Abstract

With the empirical Moore's law, the number of transistors in a dense integrated circuit doubles each year. However, Dennard's scaling law has been broken, and since 2005 the frequency has began to stagnate. The most common way to deal with this has been parallel computing, where operations are spread over multiple cores. This parallelization is becoming popular in robotics due to their concurrent nature. This report will study from a practical perspective how to apply parallelization for multiple tasks in a C++ robotics context, demonstrating its usefulness in a simplified Extended Kalman Filter SLAM framework.

image

Introduction

C++ has become one of the most popular programming languages to robotics. It provides low real-time performance, Object Oriented Design capabilities and easier to manage low level control than C. Since C++11, multithreading is supported providing a simple interface to the programmer. The topic can be divided into two main areas, threading, and shared resources.

On the one hand, threading provides the programmer with parallelization capabilities in multiple threads. Threads will be created when requested using multiple methods (functions, functors, lambda functions, async) and destroyed once the task is finished.

On the other hand, understanding shared resources between multiple threads is essential in parallel programming, as they could lead to race conditions and wrong order of operations. This occurs as the optimizations performed to transform from code to machine instructions become observable, therefore mutexes and conditional variables become a way of handling these issues.
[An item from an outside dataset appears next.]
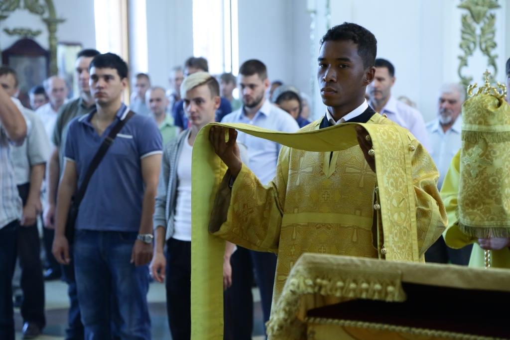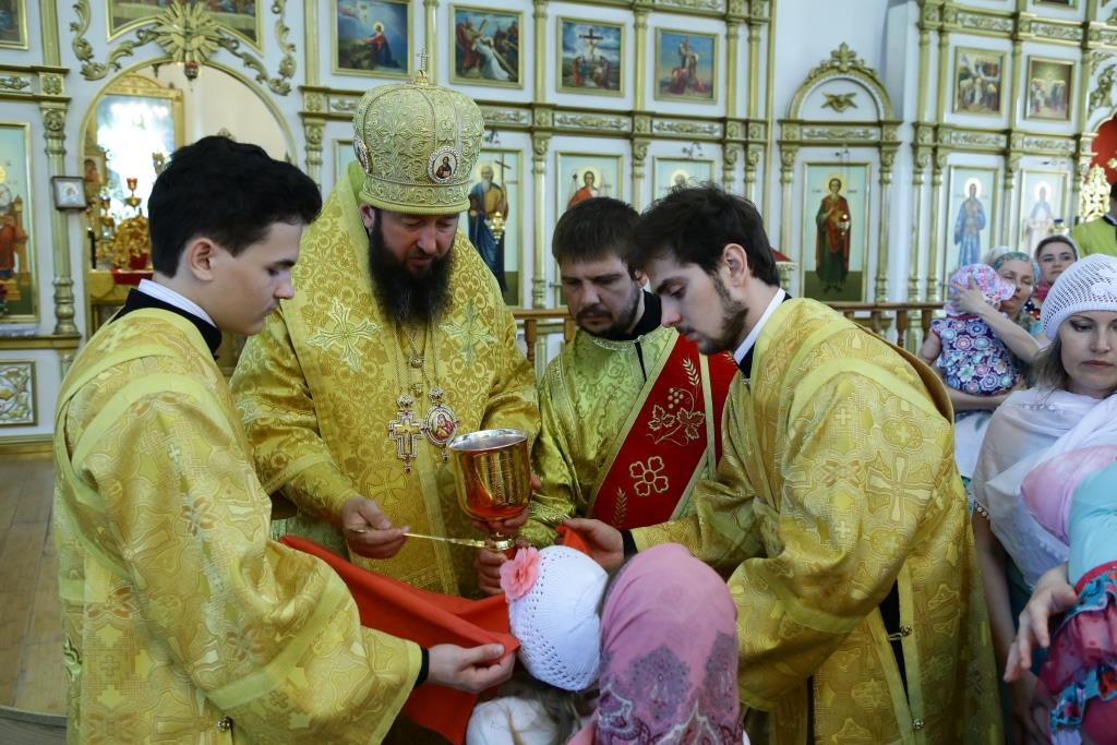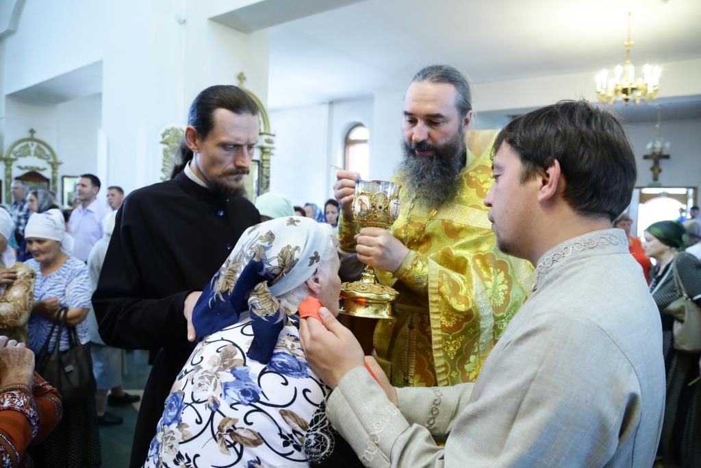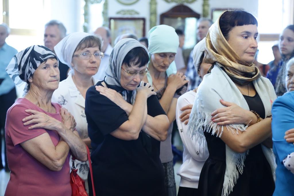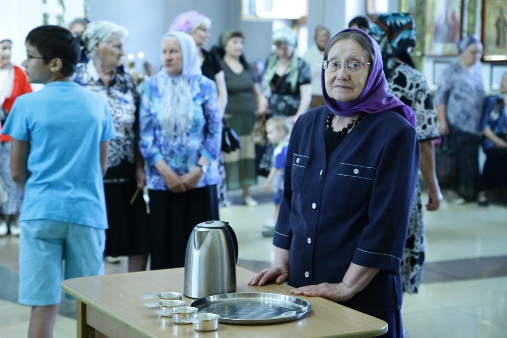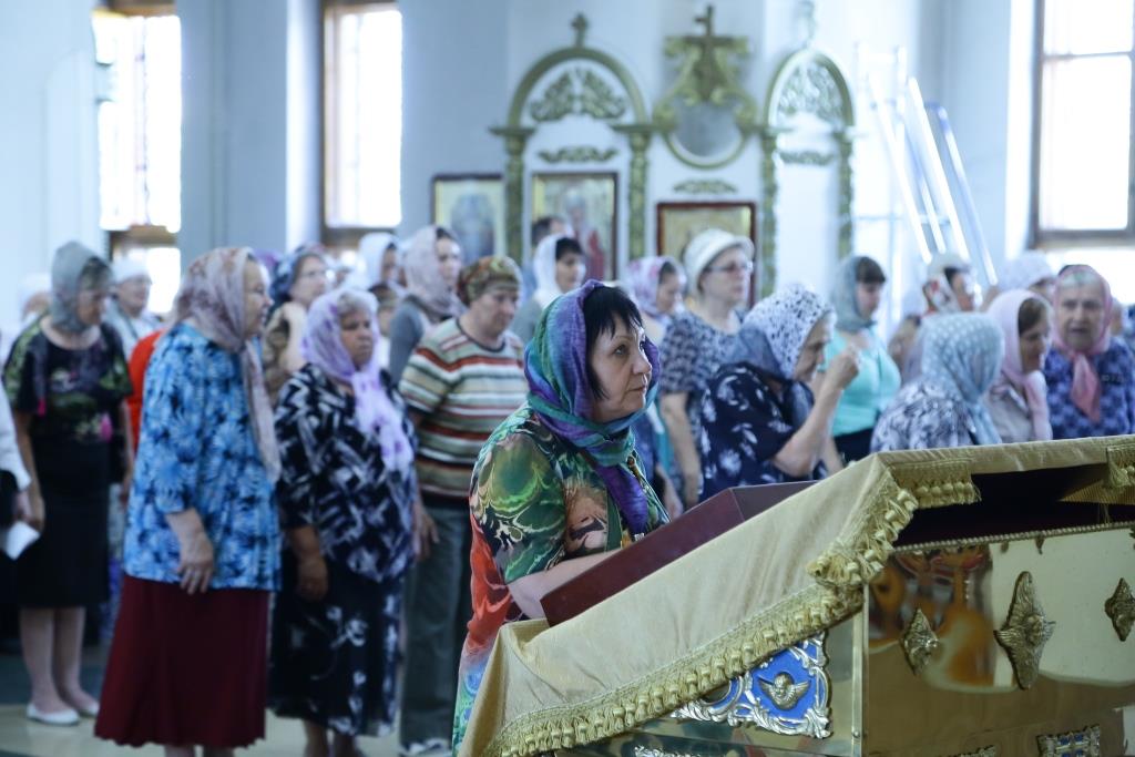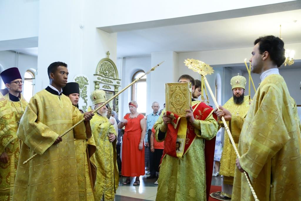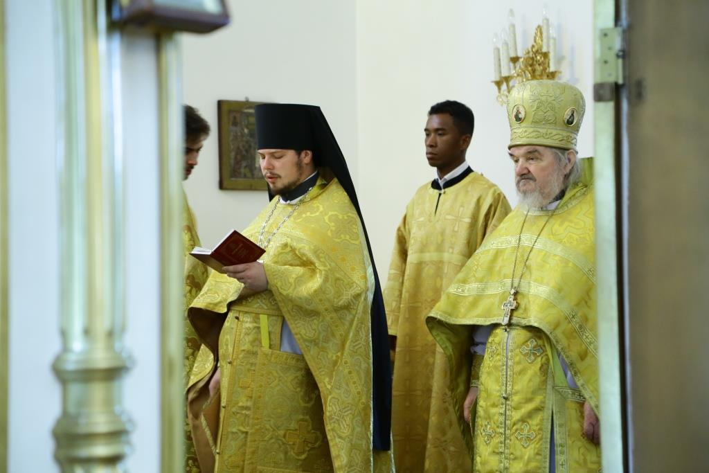 Его Преосвященству сослужили: духовник Усть-Каменогорской епархии архимандрит Спиридон (Теплухин), ключарь собора иеромонах Никодим (Авдеев), иеромонах Силуан Магилев), иерей Алексий Клепиков, заведующий канцелярией Усть-Каменогорского епархиального управления иерей Константин Дьяков.

In order to fully understand the scope of the topic, a 2D Extended Kalman Filter SLAM framework has been developed with multiple added parallelizations. The performance will be compared, and the tradeoffs will be studied.

Multithreading

The creation of threads in C++ comes from `std::thread` library. It can be based in four main approaches, functions, functors, lambda functions and asynchronous tasks.

Using functions

When using a function in the thread creation, this function will be assigned to that thread taking its function parameters. There are two main cases for creating a thread using functions. Using a function, or using a class method. In both cases, if the argument is to be passed using the reference wrapper `std::ref`.

Using a function does not require any additional considerations.

std::thread my_thread = std::thread(MyFunction, arg1, arg2, ref(arg3), ref(arg4))

When using a class method, the reference to the class method must be passed, as well as the instance in which it is being called.

std::thread my_class_thread = thread(&MyClass::MyFunction, class_instance, arg1, ref(arg2));

As soon as the thread is created, it will start processing. To wait for a thread to finish, it is necessary to use .join (my_thread.join()).

Using functors

Similar to the creation of threads using functions, the functors will use instances of a class to perform certain operations instead of calling the same function with different inputs. The function operation will be defined in its operator() method.

class MyFunctorClass {
 public:
  void operator()(uint64_t arg, uint64_t &arg2) {
    // do some operations and store them in _x
  }
  uint64_t _x;
};

MyFunctorClass *functor = new MyFunctorClass();
std::thread(std::ref(*functor), arg1, ref(arg2))

Using lambda functions

An alternative way to initialize threads in a compact way is to use lambda functions. These provide inline functions without an identifier. It has four main components:

[capture](parameters) return_type { function_body }
  1. Capture: the output variables, can be references.
  2. Parameters: arguments to the function (empty if none).
  3. Return type (empty if none).
  4. Function body.

The initialization of the thread is very similar to the previous cases.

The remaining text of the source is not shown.